Start of TASK INPUTS

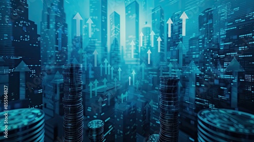 stack, coin, financial, graph, arrow, abstract, city landscape, background, stock, market, growth, business, success, prosperity, economy, investment, finance, wealth, concept, chart, symbol, symbolize, increase, profit, earning, strategy, analysis, dynamic, planning, progress
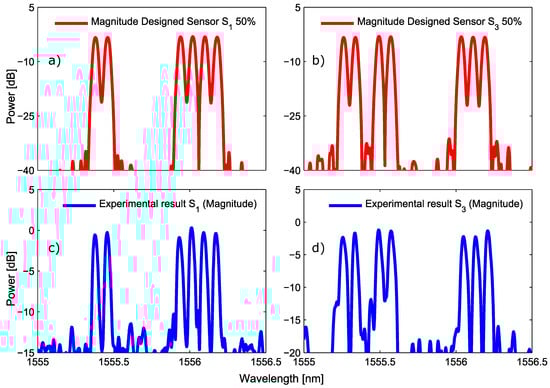 The measured magnitude of the manufactured SSFBG is depicted in (c,d) for the devices and . The designed magnitude of this sensors is shown in (a,b) for comparison.
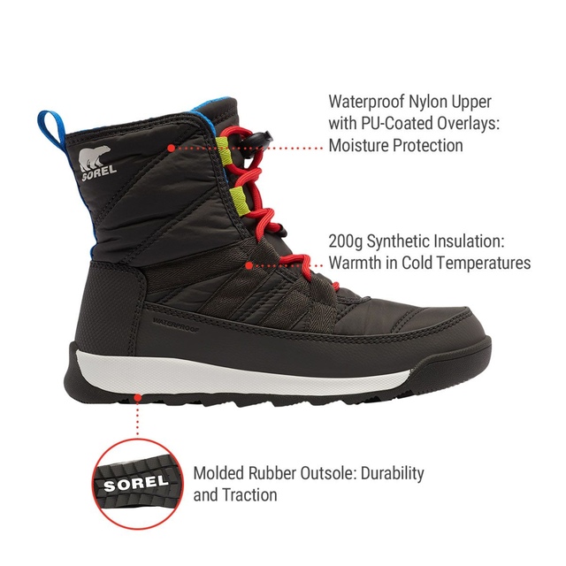 Sorel Kids' Whitney II Waterproof Winter Boots provide warmth and comfort for cold-weather fun. Featuring a waterproof nylon upper, lace-up closure and 200 g synthetic insulation, these boots keep feet dry and cozy. A removable PU-like EVA footbed ensures comfort and support for all-day wear. Keep your kids warm and dry wearing these non-slip insulated winter boots.
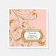 NOTE: This is a flat printed image, there are no jewels, raised layers or gold metallic elements. COLOR PALETTE: blush shell pastel pink, soft creamy white with faux gold metallic glitter look DESIGN COLLECTION: Matching formal dinner reception, bridal shower or rehearsal dinner personalized napkins for easy decor enhancement. Inspired by Old Hollywood and her heyday glam era, this wedding invitation set is perfect for elegant, sophisticated, modern wedding celebrations. A classic, beautiful swirling leaf damask style pattern has been graphically designed to look like a silver edged gold glittery embroidered lace design with a golden buckle that has a diamond border over faux glitter. A contemporary typography layout for your invite wording and information updates this vintage retro design. A gorgeous, unique and pretty design for the most discriminating bride.
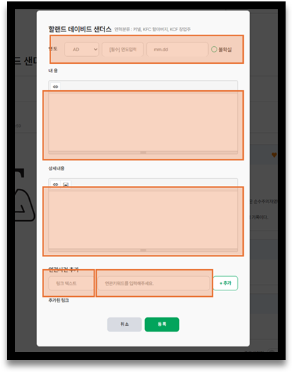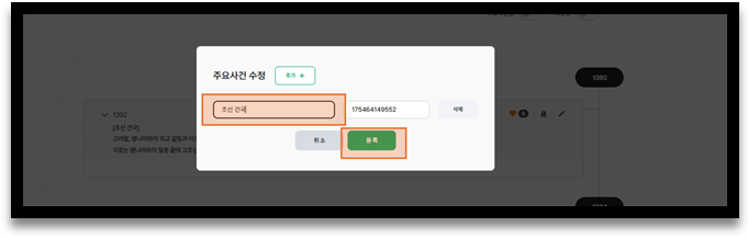 ④ 왼쪽 ‘주요사건 텍스트’ 항목에 제목을 입력하고 하단 ‘등록’을 눌러 완성합니다.
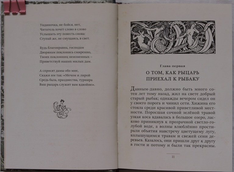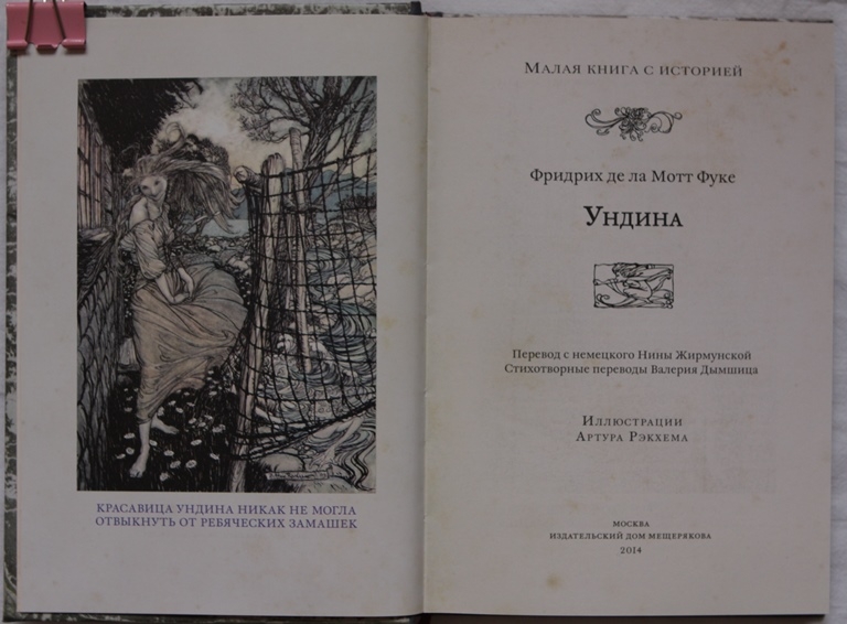 Впервые на русском языке книга вышла в блестящем стихотворном переводе В.А.Жуковского, который полностью затмил фигуру немецкого автора. Полтора века никто не пытался переводить "Ундину" в прозе. На русском языке в прозе "Ундина" появилась только в 1990 году от издательства "Наука", а в 2014 году у издательства ИД Мещерякова, за что ему большое спасибо, книга получилась достойной.
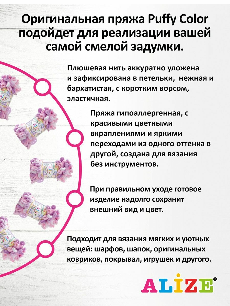 Пряжа PUFFY COLOR (Alize), сирен/розовый - 6305, 100% микрополиэстер, 5 мотков, 100 г, 9 м.
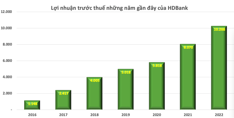 Về hiệu quả kinh doanh, năm 2022 HDBank ghi dấu ấn lần đầu tiên vào “Câu lạc bộ 10.000 tỷ đồng” khi đạt tới 10.268 tỷ đồng lợi nhuận trước thuế, tăng 27,2% so với cùng kỳ. Tổng tài sản cũng gia tăng nhanh chóng, vượt 416.200 tỷ đồng.
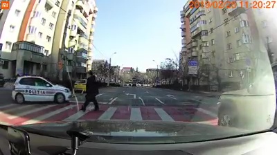 Scena a fost filmată de un șofer cu camera pe bord la trecerea de pietoni de la intersecția Calea Dorobanților / strada Ioan Alexandru. Conducătorul auto nu le-a acordat prioritate pietonilor, iar un echipaj de poliție situat în apropiere a pornit în urmărirea acestuia și l-a tras pe marginea drumului.
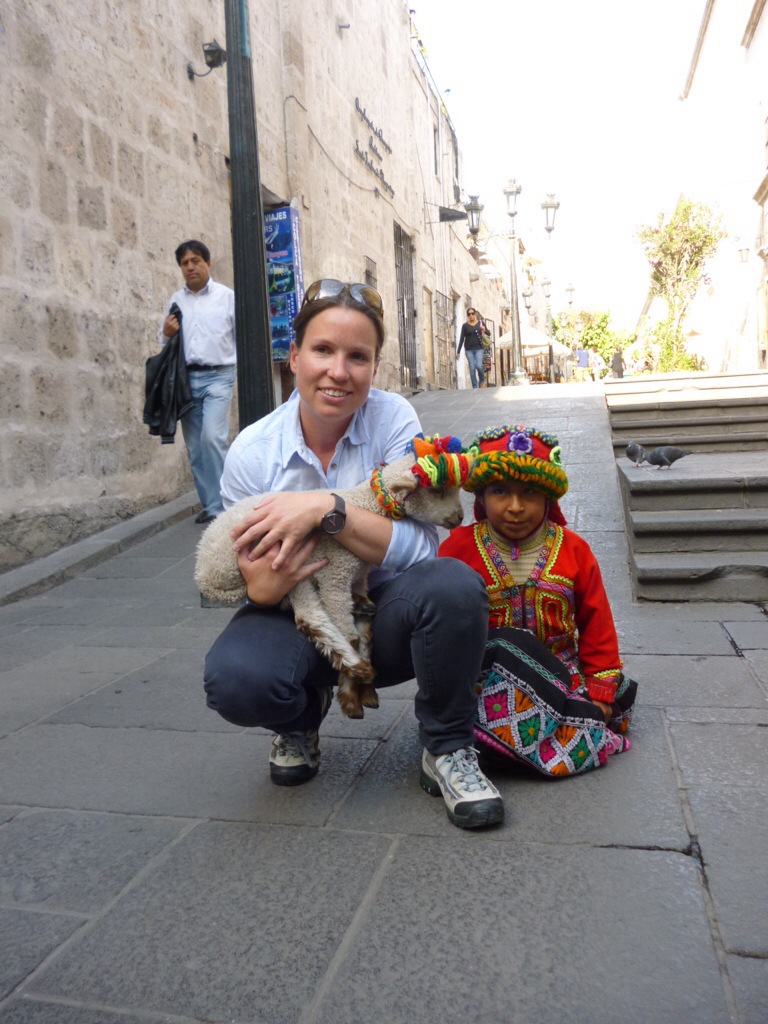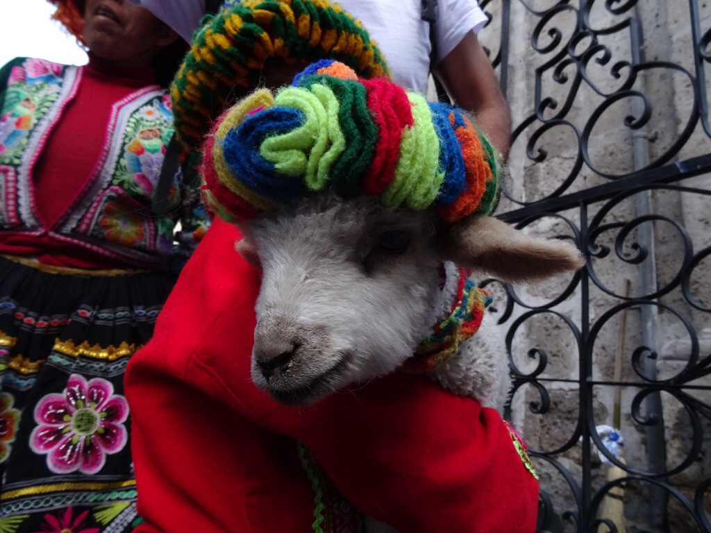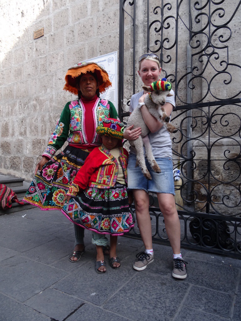 Auf dem Weg zu Juanita treffen wir eine Frau mit ihrer Tochter (welche ein kleines Lamm auf dem Arm hält) in Andentracht. Sofort werden Fotos gemacht. Ich kann natürlich nicht widerstehen und muss das Lämmchen auf den Arm nehmen. Noch eine halbe Stunde vorher haben manche Mitreisende sowas süßes gegessen! Ich bin einfach nur glücklich ein echtes Lamm auf dem Arm zu halten. Dank Ronald unterhalten wir uns kurz mit der Frau. Wir sind „geschockt“, sie ist 34 und hat bereits 6 Kinder. Zwei davon haben in Arequipa Stipendien gekriegt. Wir vermuten, dass sie schon sehr jung Mutter geworden ist.

End of TASK INPUTS

_WORK INSTRUCTIONS_
Repeat each line of the records above exactly, but do not copy the pictures.

_RESPONSE BELOW_
 stack, coin, financial, graph, arrow, abstract, city landscape, background, stock, market, growth, business, success, prosperity, economy, investment, finance, wealth, concept, chart, symbol, symbolize, increase, profit, earning, strategy, analysis, dynamic, planning, progress
 The measured magnitude of the manufactured SSFBG is depicted in (c,d) for the devices and . The designed magnitude of this sensors is shown in (a,b) for comparison.
 Sorel Kids' Whitney II Waterproof Winter Boots provide warmth and comfort for cold-weather fun. Featuring a waterproof nylon upper, lace-up closure and 200 g synthetic insulation, these boots keep feet dry and cozy. A removable PU-like EVA footbed ensures comfort and support for all-day wear. Keep your kids warm and dry wearing these non-slip insulated winter boots.
 NOTE: This is a flat printed image, there are no jewels, raised layers or gold metallic elements. COLOR PALETTE: blush shell pastel pink, soft creamy white with faux gold metallic glitter look DESIGN COLLECTION: Matching formal dinner reception, bridal shower or rehearsal dinner personalized napkins for easy decor enhancement. Inspired by Old Hollywood and her heyday glam era, this wedding invitation set is perfect for elegant, sophisticated, modern wedding celebrations. A classic, beautiful swirling leaf damask style pattern has been graphically designed to look like a silver edged gold glittery embroidered lace design with a golden buckle that has a diamond border over faux glitter. A contemporary typography layout for your invite wording and information updates this vintage retro design. A gorgeous, unique and pretty design for the most discriminating bride.
 ④ 왼쪽 ‘주요사건 텍스트’ 항목에 제목을 입력하고 하단 ‘등록’을 눌러 완성합니다.
 Впервые на русском языке книга вышла в блестящем стихотворном переводе В.А.Жуковского, который полностью затмил фигуру немецкого автора. Полтора века никто не пытался переводить "Ундину" в прозе. На русском языке в прозе "Ундина" появилась только в 1990 году от издательства "Наука", а в 2014 году у издательства ИД Мещерякова, за что ему большое спасибо, книга получилась достойной.
 Пряжа PUFFY COLOR (Alize), сирен/розовый - 6305, 100% микрополиэстер, 5 мотков, 100 г, 9 м.
 Về hiệu quả kinh doanh, năm 2022 HDBank ghi dấu ấn lần đầu tiên vào “Câu lạc bộ 10.000 tỷ đồng” khi đạt tới 10.268 tỷ đồng lợi nhuận trước thuế, tăng 27,2% so với cùng kỳ. Tổng tài sản cũng gia tăng nhanh chóng, vượt 416.200 tỷ đồng.
 Scena a fost filmată de un șofer cu camera pe bord la trecerea de pietoni de la intersecția Calea Dorobanților / strada Ioan Alexandru. Conducătorul auto nu le-a acordat prioritate pietonilor, iar un echipaj de poliție situat în apropiere a pornit în urmărirea acestuia și l-a tras pe marginea drumului.
 Auf dem Weg zu Juanita treffen wir eine Frau mit ihrer Tochter (welche ein kleines Lamm auf dem Arm hält) in Andentracht. Sofort werden Fotos gemacht. Ich kann natürlich nicht widerstehen und muss das Lämmchen auf den Arm nehmen. Noch eine halbe Stunde vorher haben manche Mitreisende sowas süßes gegessen! Ich bin einfach nur glücklich ein echtes Lamm auf dem Arm zu halten. Dank Ronald unterhalten wir uns kurz mit der Frau. Wir sind „geschockt“, sie ist 34 und hat bereits 6 Kinder. Zwei davon haben in Arequipa Stipendien gekriegt. Wir vermuten, dass sie schon sehr jung Mutter geworden ist.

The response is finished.